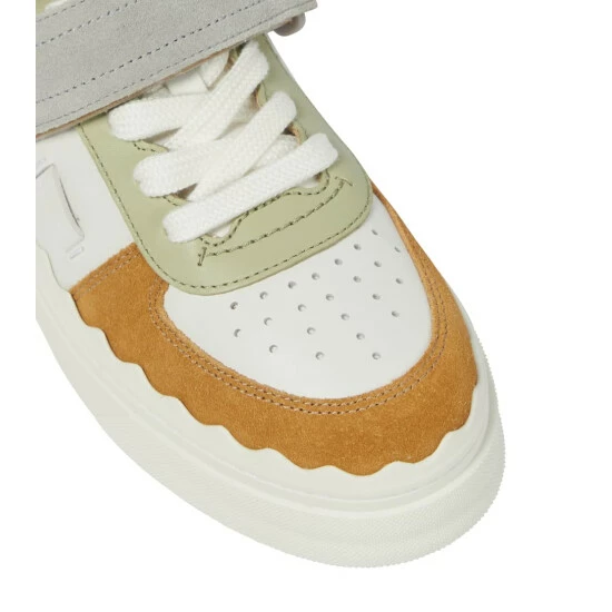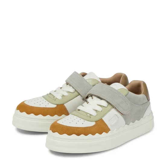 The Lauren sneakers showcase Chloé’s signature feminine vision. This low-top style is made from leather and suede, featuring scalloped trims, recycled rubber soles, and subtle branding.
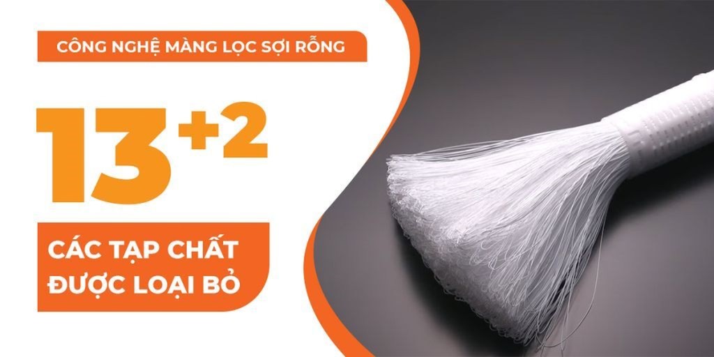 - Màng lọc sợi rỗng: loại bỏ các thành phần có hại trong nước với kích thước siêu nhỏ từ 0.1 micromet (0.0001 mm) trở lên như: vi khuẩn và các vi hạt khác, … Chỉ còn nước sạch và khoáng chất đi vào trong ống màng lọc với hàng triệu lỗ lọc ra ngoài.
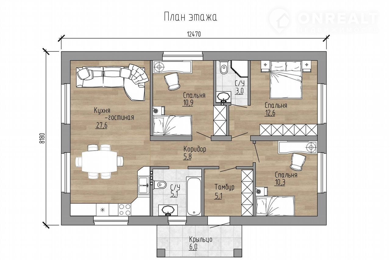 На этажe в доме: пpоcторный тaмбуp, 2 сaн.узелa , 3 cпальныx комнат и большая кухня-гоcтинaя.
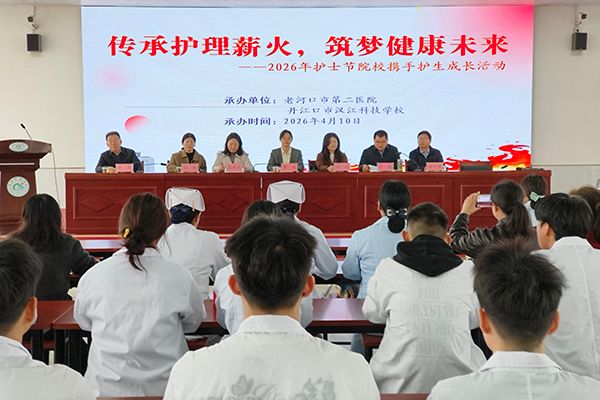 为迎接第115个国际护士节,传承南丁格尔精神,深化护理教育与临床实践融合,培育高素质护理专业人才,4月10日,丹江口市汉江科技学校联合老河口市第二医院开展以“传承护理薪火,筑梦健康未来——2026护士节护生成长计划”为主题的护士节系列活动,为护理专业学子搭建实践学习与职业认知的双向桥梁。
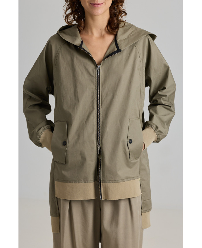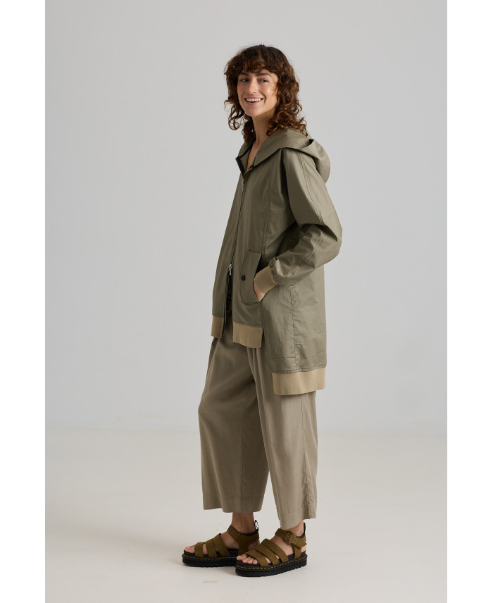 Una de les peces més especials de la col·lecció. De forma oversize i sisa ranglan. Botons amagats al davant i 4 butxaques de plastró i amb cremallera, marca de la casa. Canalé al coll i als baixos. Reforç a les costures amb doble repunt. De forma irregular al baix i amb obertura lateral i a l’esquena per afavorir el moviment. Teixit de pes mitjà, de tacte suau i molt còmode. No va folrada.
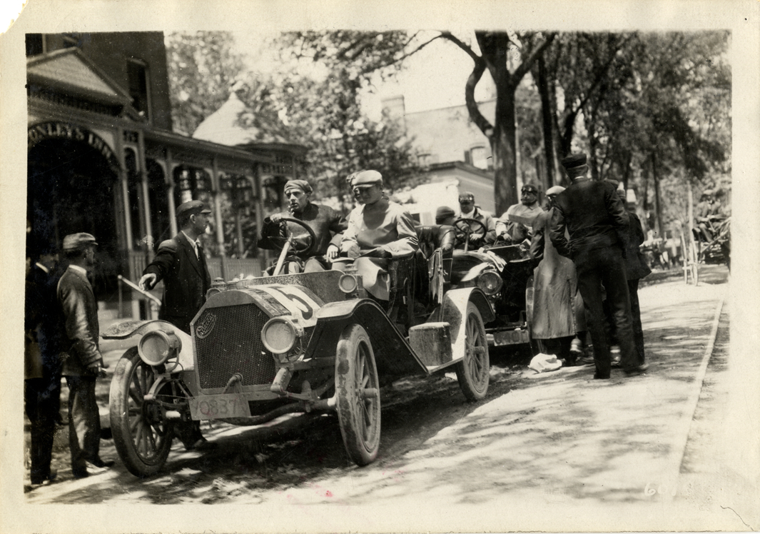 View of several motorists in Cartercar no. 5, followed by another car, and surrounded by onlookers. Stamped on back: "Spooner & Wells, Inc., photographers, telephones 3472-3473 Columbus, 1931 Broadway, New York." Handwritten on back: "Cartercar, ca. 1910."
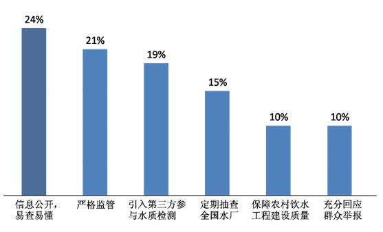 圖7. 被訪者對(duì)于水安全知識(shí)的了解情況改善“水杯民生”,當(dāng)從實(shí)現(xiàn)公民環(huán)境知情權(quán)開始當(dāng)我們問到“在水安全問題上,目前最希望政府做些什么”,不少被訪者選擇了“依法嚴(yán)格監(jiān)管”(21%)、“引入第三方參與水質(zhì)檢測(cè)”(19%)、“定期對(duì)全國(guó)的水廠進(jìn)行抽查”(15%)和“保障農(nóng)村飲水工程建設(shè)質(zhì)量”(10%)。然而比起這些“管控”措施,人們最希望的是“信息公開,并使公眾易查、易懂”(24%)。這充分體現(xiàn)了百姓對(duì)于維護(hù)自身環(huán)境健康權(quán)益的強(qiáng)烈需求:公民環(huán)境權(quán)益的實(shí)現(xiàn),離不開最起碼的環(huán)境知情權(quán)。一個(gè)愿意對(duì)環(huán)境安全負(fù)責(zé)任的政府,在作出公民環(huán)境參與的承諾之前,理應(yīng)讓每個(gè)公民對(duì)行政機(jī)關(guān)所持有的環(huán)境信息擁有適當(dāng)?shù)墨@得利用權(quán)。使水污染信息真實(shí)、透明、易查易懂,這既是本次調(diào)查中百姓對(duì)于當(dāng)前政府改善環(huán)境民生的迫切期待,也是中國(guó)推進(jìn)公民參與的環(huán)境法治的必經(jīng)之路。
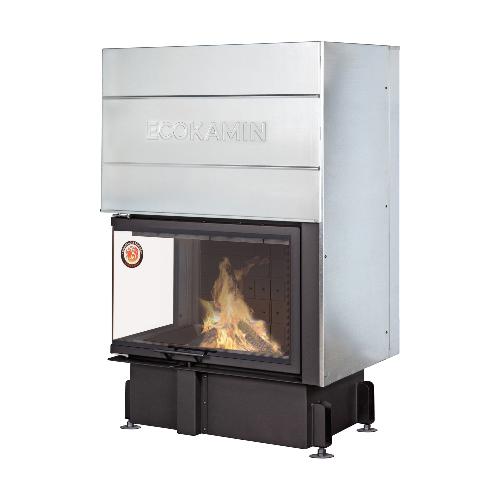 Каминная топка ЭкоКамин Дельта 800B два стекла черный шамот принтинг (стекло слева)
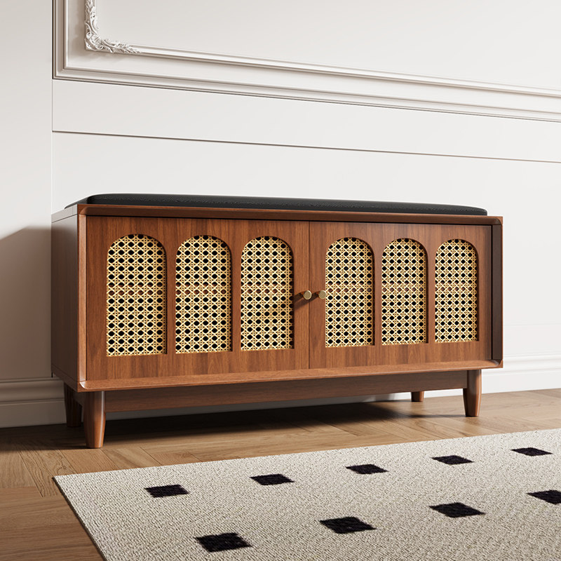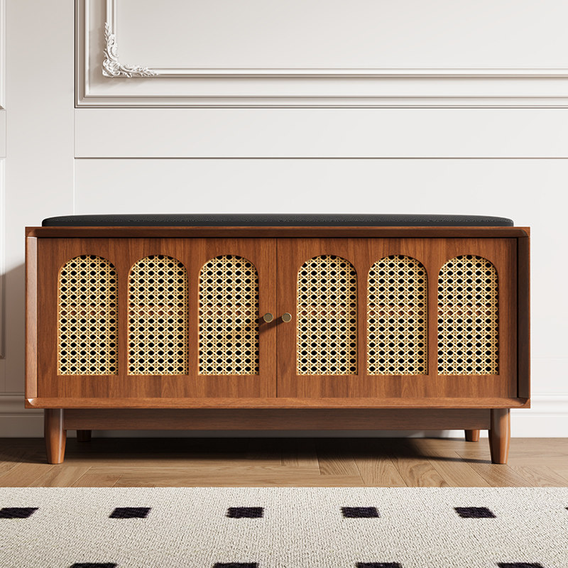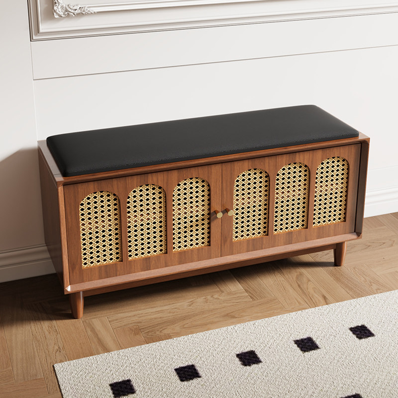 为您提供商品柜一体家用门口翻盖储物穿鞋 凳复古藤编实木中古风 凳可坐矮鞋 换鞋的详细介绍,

==========

[WHAT IS NEEDED] Using the data above, retype exactly and only the lines from the one containing "Una de les peces" up to and including the one containing "View of several", with no pictures carried over.

[OUTPUT BELOW]
 Una de les peces més especials de la col·lecció. De forma oversize i sisa ranglan. Botons amagats al davant i 4 butxaques de plastró i amb cremallera, marca de la casa. Canalé al coll i als baixos. Reforç a les costures amb doble repunt. De forma irregular al baix i amb obertura lateral i a l’esquena per afavorir el moviment. Teixit de pes mitjà, de tacte suau i molt còmode. No va folrada.
 View of several motorists in Cartercar no. 5, followed by another car, and surrounded by onlookers. Stamped on back: "Spooner & Wells, Inc., photographers, telephones 3472-3473 Columbus, 1931 Broadway, New York." Handwritten on back: "Cartercar, ca. 1910."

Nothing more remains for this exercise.